(dailyRx News) While breast cancer survival has increased impressively over the past several decades, nearly 40,000 women — including women younger than age 50 — will lose their lives to the disease this year. Could screening have saved some of these lives?
A new analysis has revealed that most of the women who died of breast cancer had not received mammogram screening. Furthermore, most of the deaths occurred in women who were diagnosed with the disease under the age of 50.
As a result of these findings, the authors are suggesting that women younger than age 50 need to be regularly screened for breast cancer.
"Develop a breast cancer screening schedule with your physician."
Blake Cady, MD, professor of surgery (emeritus) at Harvard Medical School in Boston, and his colleagues performed what’s called a “failure analysis” to look backwards from death to learn more about disease diagnosis.
Breast cancer screening recommendations have changed recently. A baseline (initial) mammogram used to be recommended at the age of 40 for women with average risks of breast cancer, followed by annual screens.
In 2009, the US Preventive Services Task Force (USPSTF) proposed that screening be limited to women between the ages of 50 and 74.
The USPSTF recommendation was based on avoiding over-diagnosis and over-treatment of breast cancers that may never cause a problem in the patient’s lifetime.
The authors pointed out that mammography has been shown to save lives.
In 1969, before mammography was being used, about half of the women diagnosed with breast cancer were still alive 12.5 years later. Of the women diagnosed with breast cancer between 1990 and 1999, less than 10 percent (9.3 percent) of women had died 12.5 years following their diagnosis.
For this study, the researchers reviewed information about 609 women who were diagnosed with invasive breast cancer between 1990 and 1999, were followed until 2007 and ultimately died specifically from breast cancer.
These deaths occurred among 7,301 women who received a breast cancer diagnosis during the 1990s.
The reviewed data included demographics (age, race, income, education, etc.), mammography history, lab reports and dates when recurrence or death occurred.
The researchers uncovered the following:
- 29 percent of women who died from invasive breast cancer had undergone mammography.
- 71 percent of those who died had not been screened within two or more years prior to diagnosis.
- 50 percent of the deceased were under the age of 50 at the time they were diagnosed with breast cancer, with the median (middle) age at diagnosis being 49 years.
- 13 percent of the deaths occurred in women over the age of 70.
These results confirm those of an earlier analysis. “One previous retrospective failure analysis of invasive breast cancer revealed that 72 percent of deaths from disease occurred in the 15 percent of women not regularly screened,” the authors wrote.

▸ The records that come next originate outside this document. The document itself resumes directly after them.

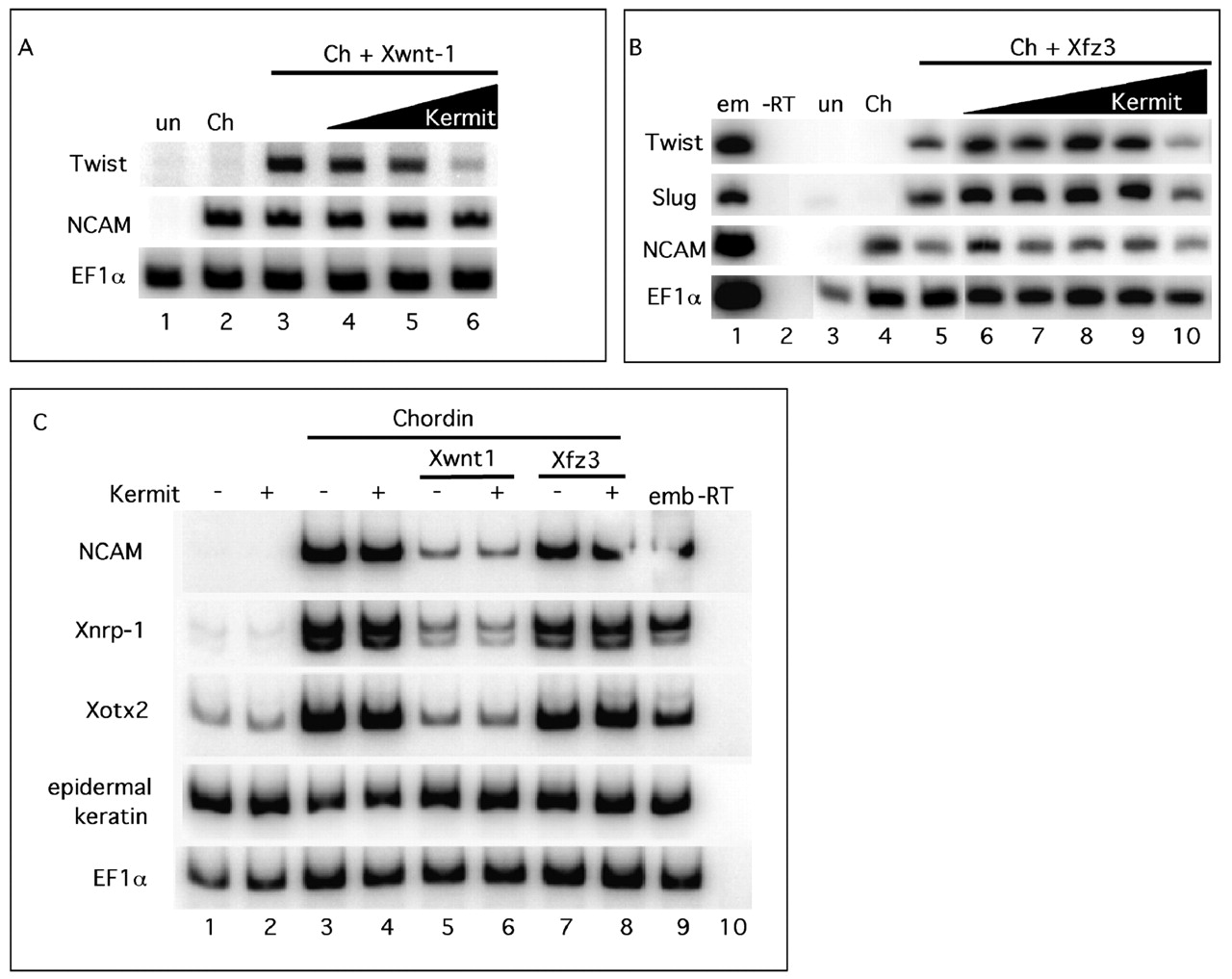 Overexpression of Kermit inhibits neural crest induction by Xwnt1 and Xfz3. mRNAs for chordin, Xwnt1 or Xfz3, and Kermit were injected into the animal pole of fertilized eggs. (A,B) Animal caps were dissected when embryos reached stage 8-9 and RNA was harvested at stage 18 for RT-PCR analysis using primers for Xtwist, Xslug, NCAM or EF-1α (as described in the Materials and Methods). (A) Kermit (0.12, 0.25 or 0.5 ng of Kermit mRNA) inhibits Xwnt1-dependent induction of the neural crest marker Xtwist in a dose-dependent manner. Xslug expression was also inhibited (not shown). (B) Kermit (0.004, 0.016, 0.06, 0.25 or 1.0 ng of Kermit mRNA) inhibits Xslug and Xtwist induction by Xfz3. EF-1α was used as a loading control. (C) Kermit does not affect expression of neural markers NCAM, Nrp1 and Xotx2, or of the epidermal marker keratin. Fertilized eggs were injected with mRNA for chordin (0.1 ng), Xwnt1 (0.1 pg), Xfz3 (0.13 ng) and kermit (1.0 ng), as indicated in the figure; animal caps were explanted at stage 8-9 and harvested at stage 25 for RT-PCR, as above. |
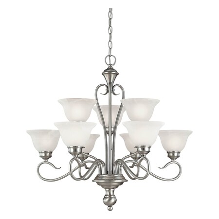 Millennium Lighting 6179-SN Devonshire - Nine Light 2-Tier Chandelier, Satin Nickel Finish with Faux Alabaster Glass
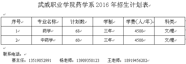 武威职业学院药学系2016年招生计划
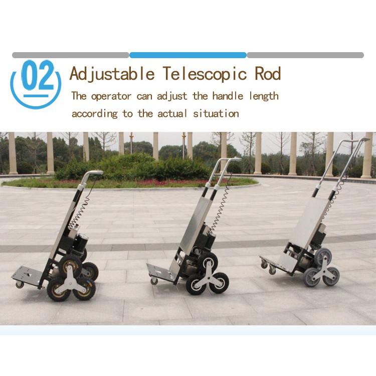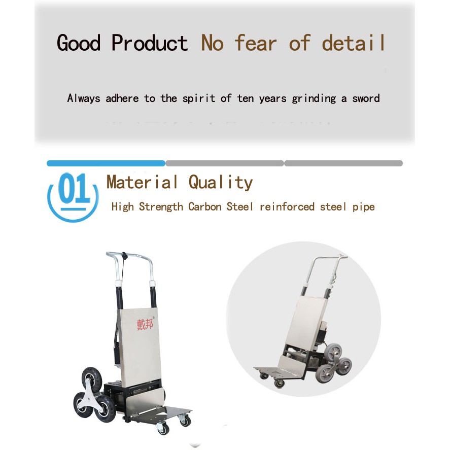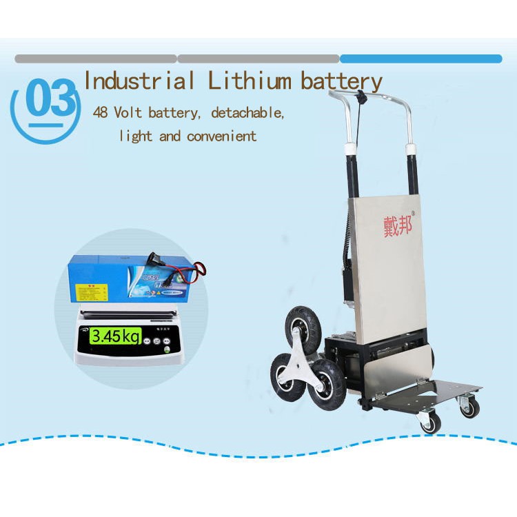 It can carry goods up and down stairs, the motor drives the elevator to move forward, and the lithium battery drives it.

"This study did not say that more young women in our population are developing breast cancer," Cary Kaufman, MD, a breast surgeon and specialist at Bellingham Regional Breast Center in Washington state, told dailyRx News.
"In general, about 22 percent of breast cancers occur under the age of 50. Rather, of the 9 percent of women that they confirmed died from breast cancer (609 known breast cancer deaths out of 7,301 patients), a large proportion of them (50 percent) were younger women due to their common development of more aggressive forms of breast cancer and the common lack of screening mammography in that age group," said Dr. Kaufman, who was not involved in this study.
Due to the USPSTF recommendation that breast cancer screenings begin at age 50, Dr. Kaufman concluded, "We have a future concern that less women under 50 will obtain screening which may lead to more breast cancer deaths in women between 40 and 50 years old."
“Our findings suggest decreasing the intensity of efforts to screen women older than 69 years while concomitantly emphasizing efforts to screen younger women in particular,” the study's authors concluded.
Findings from this review were published September 9 in the journal Cancer.
No funding or conflict of interest information was disclosed.